Instructions for the task: Take the line that contains "Ho inserito la" and every line below it to the end of the entries, and give them again exactly, leaving out any pictures.

Dataset excerpts:
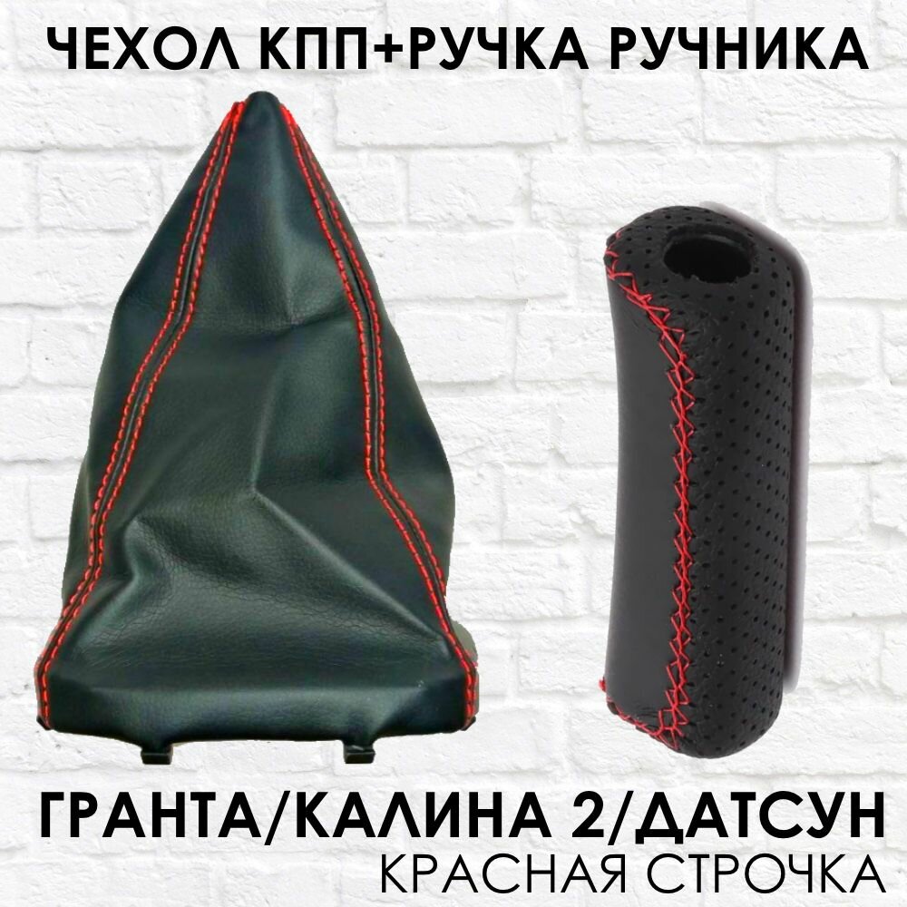 Купить Чехол КПП и Ручка ручника Гранта, Калина 2, Датсун красная строчка
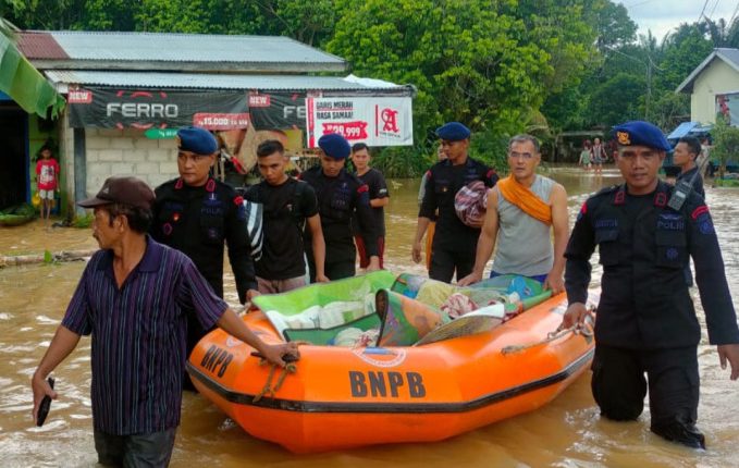 ” Evakuasi Warga terdampak banjir dipimpin Wadanyon C Pelopor Satbrimob AKP Lerius Lase, ” ungkapnya.
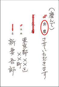 ■期日に遅れても、謝り、出す。そんなことがないように、案内書が届いたら、即、出す。礼儀をわきまえている人、必ず一番初めに返事をくれる人・・・皆さんのお付き合いする方々の中でも、決まっていませんか?その人は本当に【気がきく人】なのです。したがって私は、気の知れた仲間には「おめでとう!慶んで【出席】するに決まってんじゃねぇ~かっ!!」と即出しするようにしています。また、【欠席】の際には、【出席】のときと同様、【ご欠席】の【ご】を【//(斜め二斜線)】で消し、【欠席】に丸。そして下には「(欠席)させていただきます。」と・・・更に、「やむを得ず欠席するのが残念」といった調子のコメントや、行けないことへの理由を添えると、その人は礼儀作法を心得ている方です。そして、出席なら欠席を、欠席なら出席を、一目で見て分かるように【縦二本線】で消しておくのが、作法です。また【ご住所】の【ご】も【//(斜め二斜線)】で消し、住所を。そして意外に多いのが、最後の【ご芳名】です。【ご】を消される方はいらっしゃるのですが、【芳】を消し忘れる方が意外に多いのです。【芳】は【ご】と同様、【敬称】ですので、消すのが常識です。勿論、宛先の面も【宛】や【行】などを【//(斜め二斜線)】で消し、【様】と書くのが常識、【当たり前のこと】です。 |
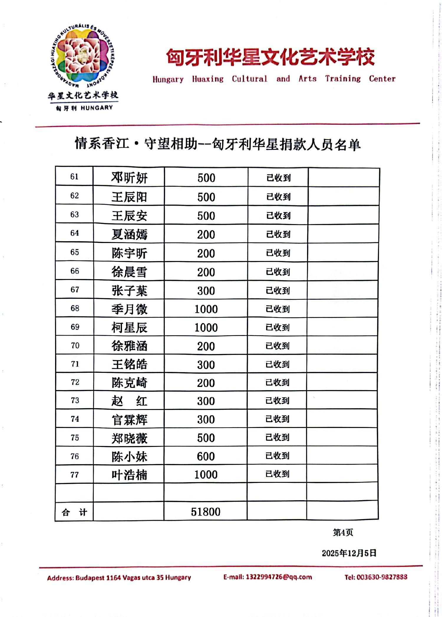 衷心感谢全体华星人的倾情奉献。截至12月6日,匈牙利华星累计募得善款51800元人民币,这笔善款将全数汇至大使馆指定账户,专款用于香港大埔宏福苑火灾受灾群众的安置工作。涓涓细流汇聚成海,点点星光点亮希望,华星想对每一位献出爱心的师生与家长道一声感谢:因为有你们,世界更添温暖,也愿每一位心怀善意的人都被岁月温柔以待。
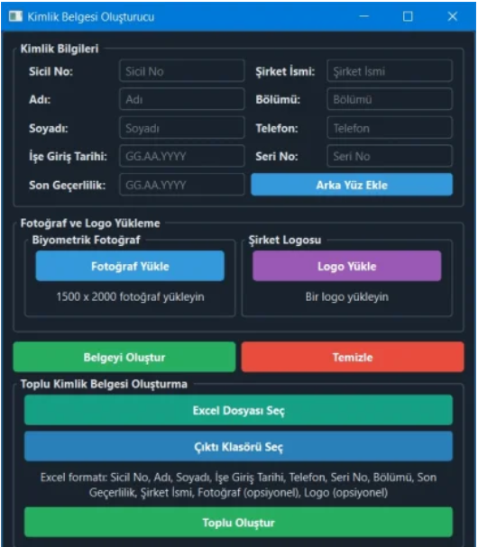 Şirket logosu, şirketin adı, işe giriş tarihi gibi verileri uygulamaya verdiğinizde size ön ve arka yüzleri olan gerçekçi bir kimlik tasarlıyor. İsterseniz birden fazla kişiye kart düzenlemek için istenen bilgileri bir excel dosyasında hazırlayarak programa yükleyebilirsiniz. Ardından Toplu Oluştur butonuna bastığınızda ekteki excel içerisinde bulunan tüm kişiler adına kimlik kartları düzenlenecektir. Hemen denemek için Personel kimlik kartı oluşturucu indir.
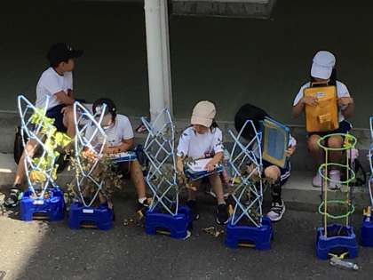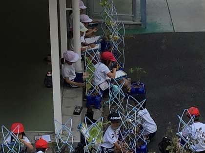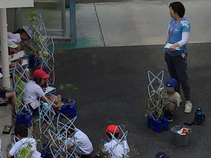 育てている夏野菜の観察をしていました。収穫も喜んでしています。暑いので、水やりも頑張っています。
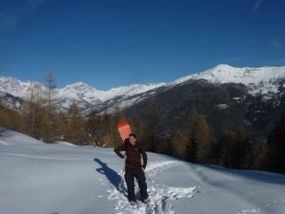 Ho inserito la descrizione di questa gita nelle categoria “sci alpinismo” ma avrei potuto anche inserirla in quella relativa alle racchette da neve. Il motivo di tale ambivalenza è dovuta alla mancanza di una categoria specifica, quella del “backcountry”, ovvero salire con ciaspole e tavola a spalle (o con splitboard) ed affrontare la discesa da snowborder.
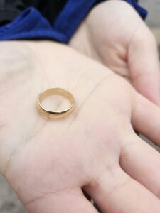 This gold ring was a promise ring from 60 years ago, very sentimental to say the least! After slipping it on to her grandchild’s finger and a quick run around in the back yard, the ring just seemed to have come off and disappear. I was contacted and made my way over to North London. After about 10 minutes I picked up that solid tone I love. What a gift for her on Mothers day! So glad I could help.
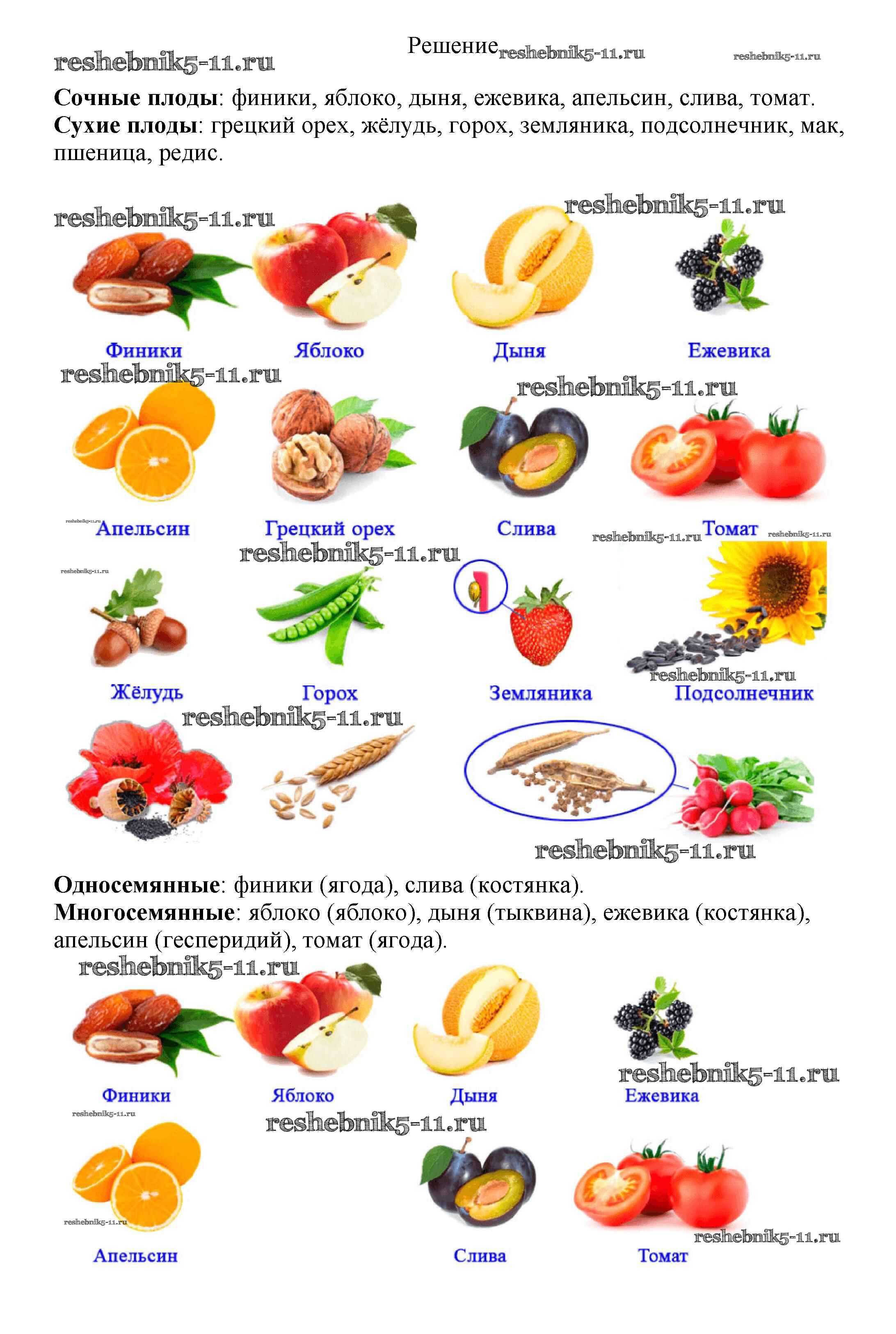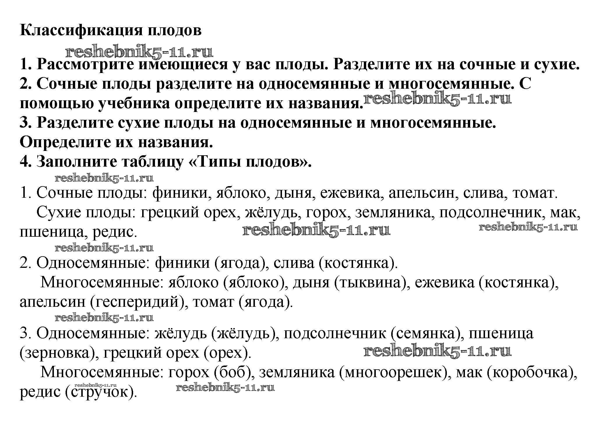 Решебник №2 / §19 / классификация плодов / 1

Result of this exercise:
 Ho inserito la descrizione di questa gita nelle categoria “sci alpinismo” ma avrei potuto anche inserirla in quella relativa alle racchette da neve. Il motivo di tale ambivalenza è dovuta alla mancanza di una categoria specifica, quella del “backcountry”, ovvero salire con ciaspole e tavola a spalle (o con splitboard) ed affrontare la discesa da snowborder.
 This gold ring was a promise ring from 60 years ago, very sentimental to say the least! After slipping it on to her grandchild’s finger and a quick run around in the back yard, the ring just seemed to have come off and disappear. I was contacted and made my way over to North London. After about 10 minutes I picked up that solid tone I love. What a gift for her on Mothers day! So glad I could help.
 Решебник №2 / §19 / классификация плодов / 1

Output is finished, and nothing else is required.